Preclinical and a phase 1 study of purinostat mesylate, a novel hdac i/iib selective inhibitor, for the treatment of relapsed or refractory multiple myeloma

Introduction: Purinostat Mesylate (PM) is a uniquely potent and selective HDAC I/IIb inhibitor. This study evaluated the efficacy and safety of PM in preclinical studies and phase 1 clinical trial for the treatment of relapsed or refractory(R/R) Multiple Myeloma (MM). Methods: This open-label, non-randomized, first-in-human, phase 1 two-center trial enrolled adult patients with MM who were refractory to or relapsed after ≥1 prior regimens. PM was administered by 30-minute intravenous infusion ranging from 1.2 to 8.4 mg/m2 in a standard 3+3 dose escalation design. Eligible patients received a single dose (Day 1) and multiple doses (Day 8, 11, and 15) followed by extended doses (Day 1, 4, 8, 11 in 21-day cycles). MM cell lines and multiple mouse models were used to evaluate the antitumor activity of PM alone or in combination in vitro and in vivo. Additionally, various methods were used to study the mechanism of PM, such as Bulk RNA sequencing and single-cell RNA sequencing, Luminex high-throughput detection of cytokines, and others. Results: A total of 11 heavily pretreated MM patients were enrolled.
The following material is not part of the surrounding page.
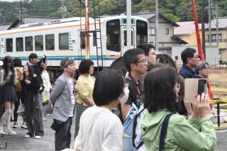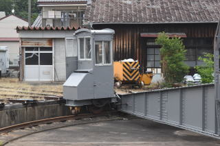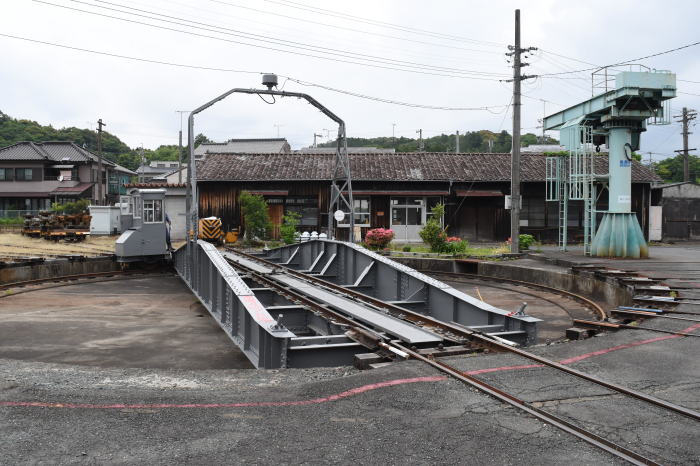 天竜二俣駅の東側に運転区(車両基地)があります。 前身の遠江二俣機関区は二俣線の蒸気機関車の基地であり 晩年はC58が配置されましたが,1971年に無煙化されています。 蒸気機関車時代の転車台と扇形車庫が現在も継続使用されており 当時のローカル線の機関区の全てを観ることができます。 木造の扇形車庫や事務所は, 映画「シン・エヴァンゲリオン劇場版」の撮影現場に使用されました。 運転区の見学ツアーに参加して 登録有形文化財に指定の転車台,扇形車庫,高架貯水槽,事務室などを 係員に引率されて約40分間,見学しました。 転車台では気動車を載せた転回の実演がありました。 |

All evaluable 11 patients achieved the disease control rate (DCR) of 72.7%. Eight patients had stable disease after the first cycle of administration and entered the extended stage with a maximum of 6 extended cycles, of which one patient achieved a minimal remission. No dose-limiting toxic effects were observed. At low nanomolar concentrations, PM exhibited superior antiproliferative activity and apoptosis induction compared to LBH589 in MM cell lines and patient-derived MM cells. In vivo studies demonstrated that PM alone was better than LBH589, or lenalidomide, bortezomib, and dexamethasone (DXM) triple-drug combinations in treating multiple MM mouse models. Mechanistically, PM significantly inhibited the key proteins for MM survival, including c-MYC, IRF4, EZH2, IKZF1, and IKZF3, and activated the innate and adaptive immune response in MM model mice. Combining PM with pomalidomide and DXM has strong antiproliferative effects and reduces key proteins for MM survival in MM1S and MM1R cell lines [CI index = 0.092]. In mouse models, this combination treatment is more effective than PM alone and other triple-drug combination therapies (selinexor, pomalidomide, and DXM, and daratumumab, pomalidomide, and DXM) without significant toxicity. Keywords: Molecular Targeted Therapies, Multiple Myeloma No conflicts of interests pertinent to the abstract.